● EXERCISE
Output the line containing "1934 re-engraved 2/6d." and each line after it through the end of the data, exactly as written, with pictures left out.
*** PROVIDED MATERIAL ***
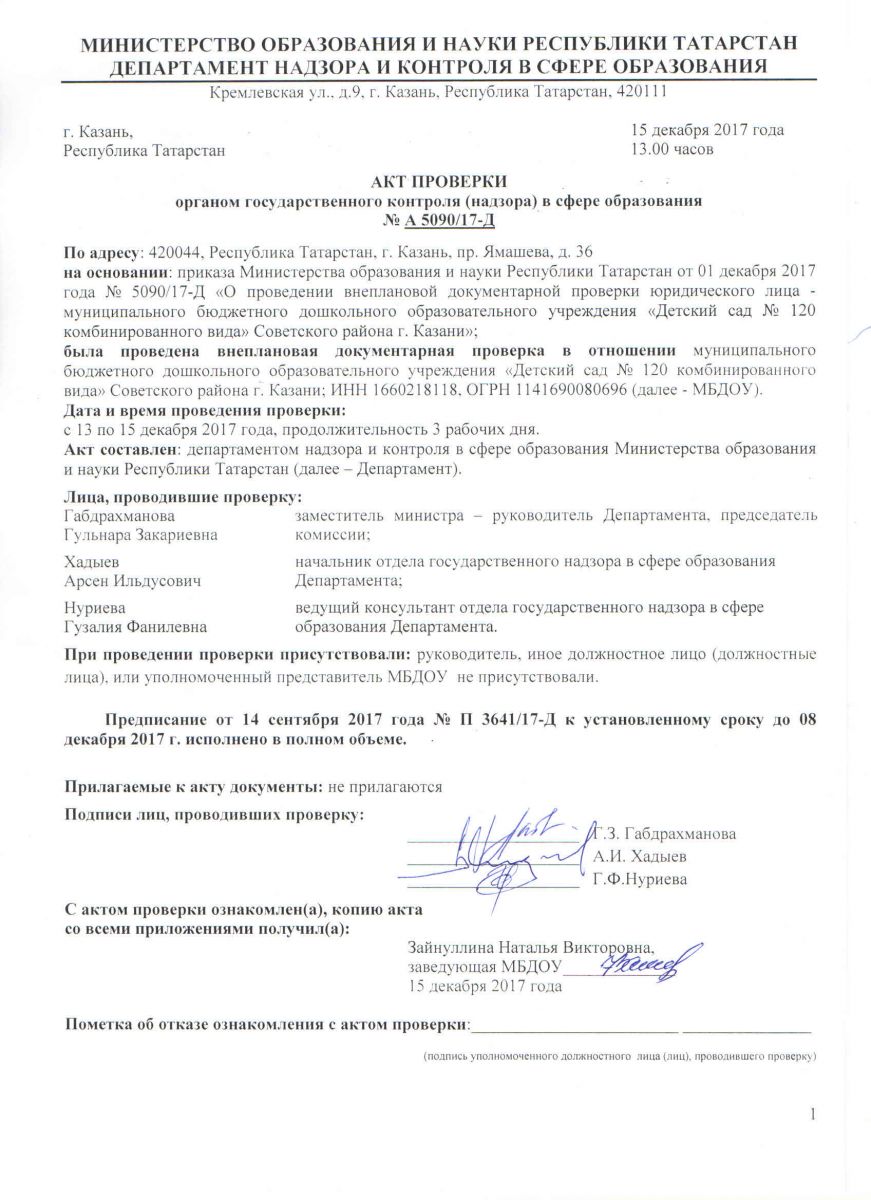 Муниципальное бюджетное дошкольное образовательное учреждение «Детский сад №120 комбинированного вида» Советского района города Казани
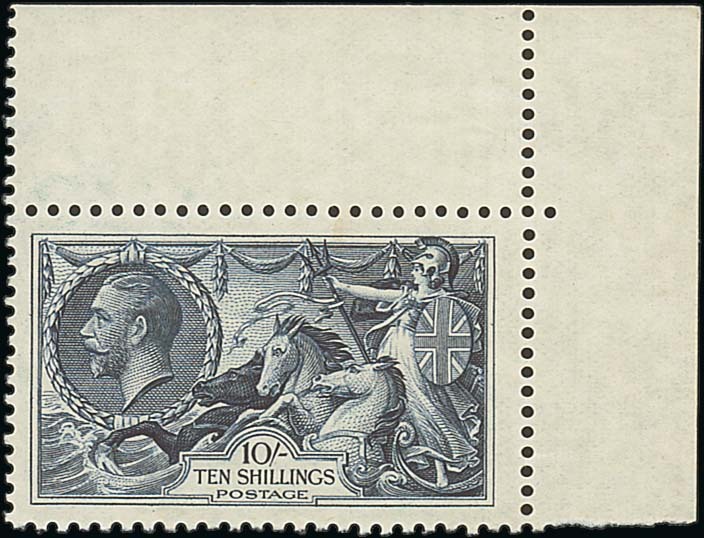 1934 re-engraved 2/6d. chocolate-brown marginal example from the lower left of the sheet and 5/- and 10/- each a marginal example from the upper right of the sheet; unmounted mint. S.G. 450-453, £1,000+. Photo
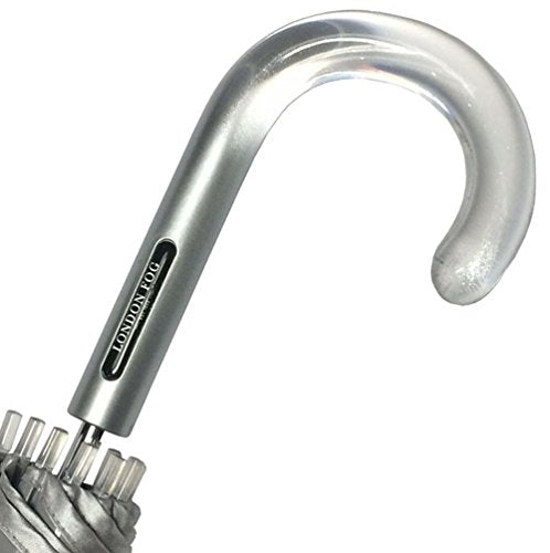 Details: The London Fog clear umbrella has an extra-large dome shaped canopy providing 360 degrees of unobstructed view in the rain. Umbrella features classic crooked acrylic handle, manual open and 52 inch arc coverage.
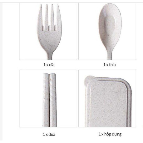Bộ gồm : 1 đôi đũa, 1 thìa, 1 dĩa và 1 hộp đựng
***
● TASK OUTPUT
 1934 re-engraved 2/6d. chocolate-brown marginal example from the lower left of the sheet and 5/- and 10/- each a marginal example from the upper right of the sheet; unmounted mint. S.G. 450-453, £1,000+. Photo
 Details: The London Fog clear umbrella has an extra-large dome shaped canopy providing 360 degrees of unobstructed view in the rain. Umbrella features classic crooked acrylic handle, manual open and 52 inch arc coverage.
Bộ gồm : 1 đôi đũa, 1 thìa, 1 dĩa và 1 hộp đựng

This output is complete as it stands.